Until today, all I had to go on were a few fragments of fanboy trivia and fond (if vague) memories. My sweet tooth for the character dates back a long way. He may have been my first real exposure to the comics medium: as a kid I read the covers off an old pocket reprint edition of the early 1960s Lee-Ditko classics. Even now, a Dr. Strange action figure keeps watch over my office. All I remembered about the house, though, was the part that got mentioned all the time—that it was on Bleecker Street. I had no idea that a house number had ever come up. I sometimes kept a lookout for real-world analogs to his crazy-ass brownstone on my earliest wanderings through the Village. I never found it: double-width corner houses with fabulous circular skylights are few and far between these days. So if not for today’s random encounter with New York Songlines, I’d never have known. Actually, knowing the address only underscores the building’s occult nature: you can tell it was extra-magical because it had the number 177A. See, it was always pictured on a corner lot—MacDougal, as it turns out—which should have put it at number 171. Ooooh. Spooky.
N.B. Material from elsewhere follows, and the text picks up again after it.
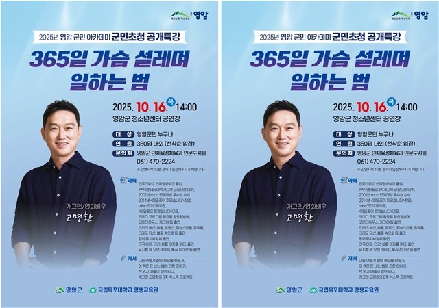 노재영 영암군 인재육성체육과장은 “영암군민이 일상에서 행복과 설렘을 발견하길 바라는 마음으로 이번 특강을 준비했다. 많은 분들이 고명환 작가와 함께 해 삶의 의미를 더 깊게 가꿔보길 바란다”고 전했다.

Anyway, you learn something new every day.
(New York Songlines is an ingenious piece of work, and really cool besides. Virtual walking tours of various bits of the City. Worth exploring.)
Aug 3 04: let’s dance!
Put on your Red shoes and dance the Blues.
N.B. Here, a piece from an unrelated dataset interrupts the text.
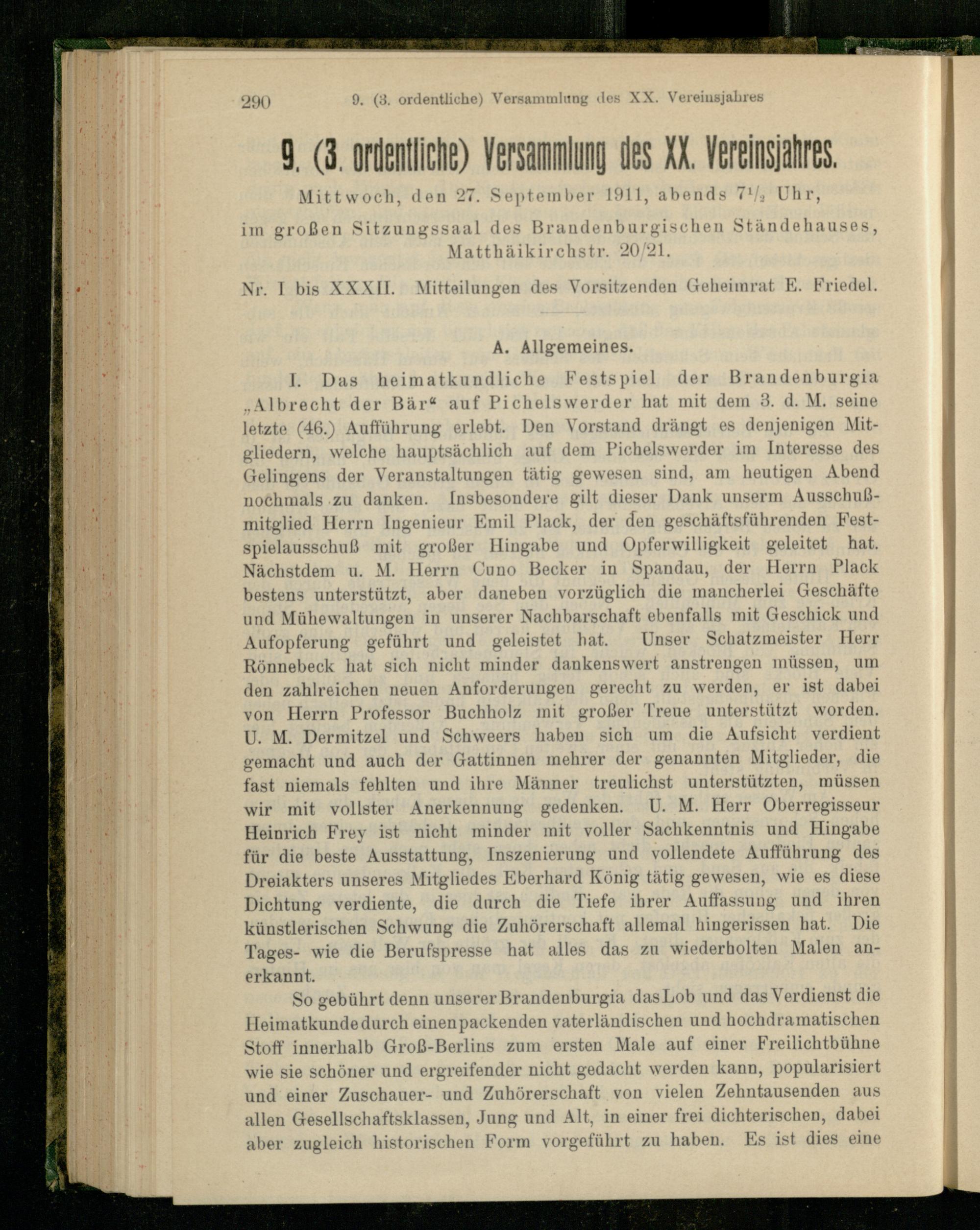I. Das heimatkundliche Festspiel der Brandenburgia „Albrecht der Bär“ auf Picheiswerder hat mit dem 3. d. M. seine letzte (46.) Aufführung erlebt. Den Vorstand drängt es denjenigen Mitgliedern, welche hauptsächlich auf dem Picheiswerder im Interesse des Gelingens der Veranstaltungen tätig gewesen sind, am heutigen Abend nochmals zu danken. Insbesondere gilt dieser Dank unserm Ausschußmitglied Herrn Ingenieur Emil Plack, der den geschäftsführenden Festspielausschuß mit großer Hingabe und Opferwilligkeit geleitet hat. Nächstdem u. M. Herrn Cuuo Becker in Spandau, der Herrn Plack bestens unterstützt, aber daneben vorzüglich die mancherlei Geschäfte und Mühewaltungen in unserer Nachbarschaft ebenfalls mit Geschick und Aufopferung geführt und geleistet hat. Unser Schatzmeister Herr Rönnebeck hat sich nicht minder dankenswert anstreugen müssen, um den zahlreichen neuen Anforderungen gerecht zu werden, er ist dabei von Herrn Professor Buchholz mit großer Treue unterstützt worden. U. M. Dermitzel und Schweers haben sich um die Aufsicht verdient gemacht und auch der Gattinnen mehrer der genannten Mitglieder, die fast niemals fehlten und ihre Männer treulichst unterstützten, müssen wir mit vollster Anerkennung gedenken. U. M. Herr Oberregisseur Heinrich Frey ist nicht minder mit voller Sachkenntnis und Hingabe für die beste Ausstattung, Inszenierung und vollendete Aufführung des Dreiakters unseres Mitgliedes Eberhard König tätig gewesen, wie es diese Dichtung verdiente, die durch die Tiefe ihrer Auffassung und ihren künstlerischen Schwung die Zuhörerschaft allemal hingerissen hat. Die Tages- wie die Berufspresse hat alles das zu wiederholten Malen anerkannt.

Flashmobs may be back this summer after all—and with the added bonus of vexing (or at least refocusing) the GOP hordes. John Barlow has had a fabulous idea. Shall we dance? Shall we dance? Shall we sweep up the joyless puritans in whirlwinds of spontaneous fun? Shall we encourage passers-by to boogie down for 2 minutes of creative, ecstatic abandon? I love this idea. Go read.
Angry protests are a fine American tradition, and god knows we have plenty to be angry about. But angry protestors are to be corralled into the ‘free speech zones’ miles from anywhere, the irony of which should not be lost on any of us. Furthermore, anytime the demonstrations surrounding the convention are marked by violence it will be used to discredit we, the angry: look, see? Those who oppose the President are lawless hooligans. You’re not one of them, are you? The ones who hate America?
(Actually, that should be ‘us, the angry.’ )
Let’s dance instead. If you want in, e-mail John, and spread the word. In the mean time, we can start listing good, danceable, mildly subversive tunes. Off the top of my head, I’m thinking “Hell” by the Squirrel Nut Zippers; “Rock Lobster,” of course; maybe Deeee-Lite’s “Groove is in the Heart”…oh! And some Talking Heads!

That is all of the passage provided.